Secondly, although the conservative movement suffers from the absence of a coalescing leader, the problem is more about ideas than personalities. Reagan came to town with two organizing principles–shrink government and win the Cold War. He then infused us with enough renewed confidence in the American experiment of the “city on a hill” that we accomplished the second objective and temporarily succeeded with the first one. But the issues now are more diffused, most of them don’t break out neatly along ideological lines, and don’t as readily lend themselves to movement politics. Enter a moderate maverick with a mixed conservative record who is a favorite of the talk shows and the favorite Republican of most liberals.
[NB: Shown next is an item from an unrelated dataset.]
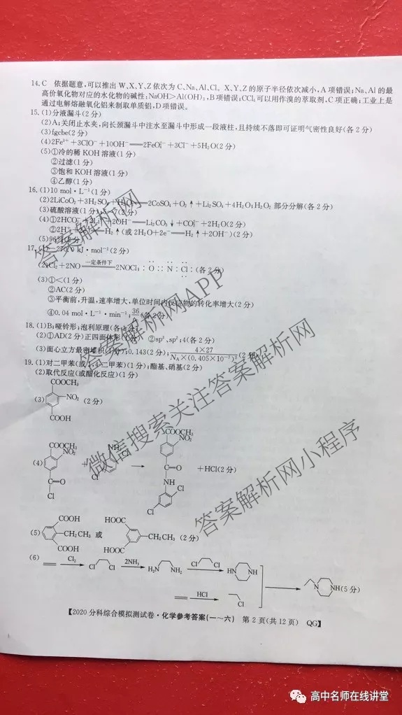 2020届全国高考分科综合模拟测试卷(一)203201化学答案,目前分科卷答案网已经汇总了2020届全国高考分科综合模拟测试卷(一)203201化学答案的各科答案和试卷,获取更多全国高考分科综合模拟测试卷答案解析,请在关注本站。

The conservative movement gags–is this the guy who will preside over the reconstitution of the conservative movement and redefine the organizing principles?
My short answer is NO. But it is what it is, and I believe we must recognize that we are in a transition period during which the movement will need some time to sort things out and identify the next generation of principled leaders around whom to coalesce. They are out there (a good example from the left is Barack Obama–where was he six years ago?). Meanwhile, conservatism has been the movement of ideas for the past fifty years, but has recently lost its edge and needs to regain it, so the gritty work of issue development must kick into high gear. And everything but core principles should be on the table.
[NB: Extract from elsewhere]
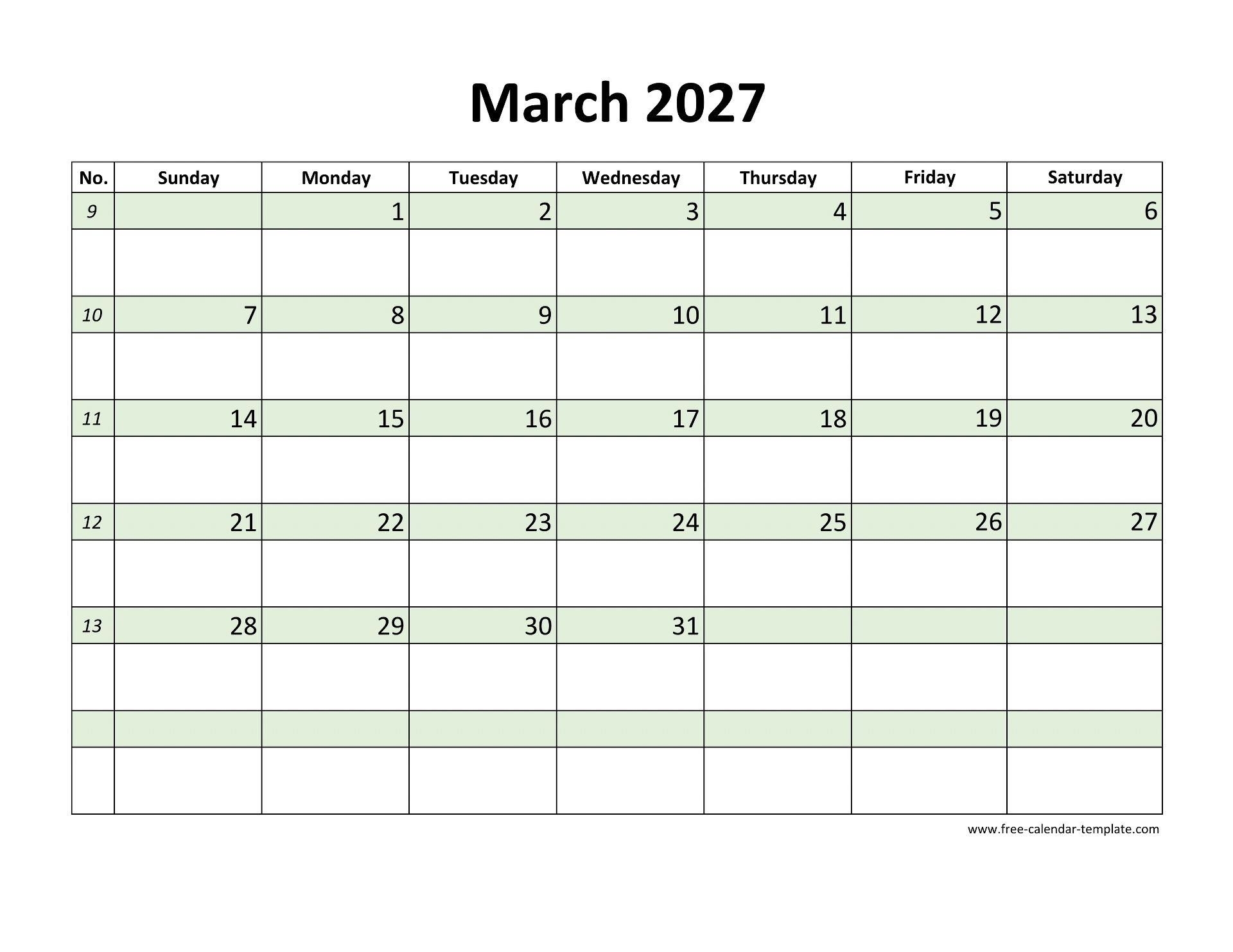 Free 2027 Calendar (Blank March Template)

What about 2008? To me, it’s not pretty, but it’s simple: conservatives don’t have the luxury of accepting a loss to Clinton or Obama in hopes of a “cleansing” effect of the electorate in preparation for another revolution in two or four years. As Daniel Henninger of the Wall Street Journal has noted, it’s “McCain or the wilderness” and possibly for a long time to come. So whenever I get the urge to be passive about this election and the choices, I remind myself of the only possible answer to this question: Who do you want as Commander in Chief and to appoint the next two Supreme Court justices? All else is at least debatable and we can fight about it on another day, but if we get the answer to this question wrong there might not be another day for a very long time. Watershed moment, indeed.
Sen McCain says he never makes a promise he doesn’t keep. When he took the oath of office as Senator (several times) he made a promise to uphold the Constitution. He worked with Sen Kennedy to violate our immigration laws just last year, and has done nothing for several years to correct the violation of our immigration laws. Why should we believe him on anything?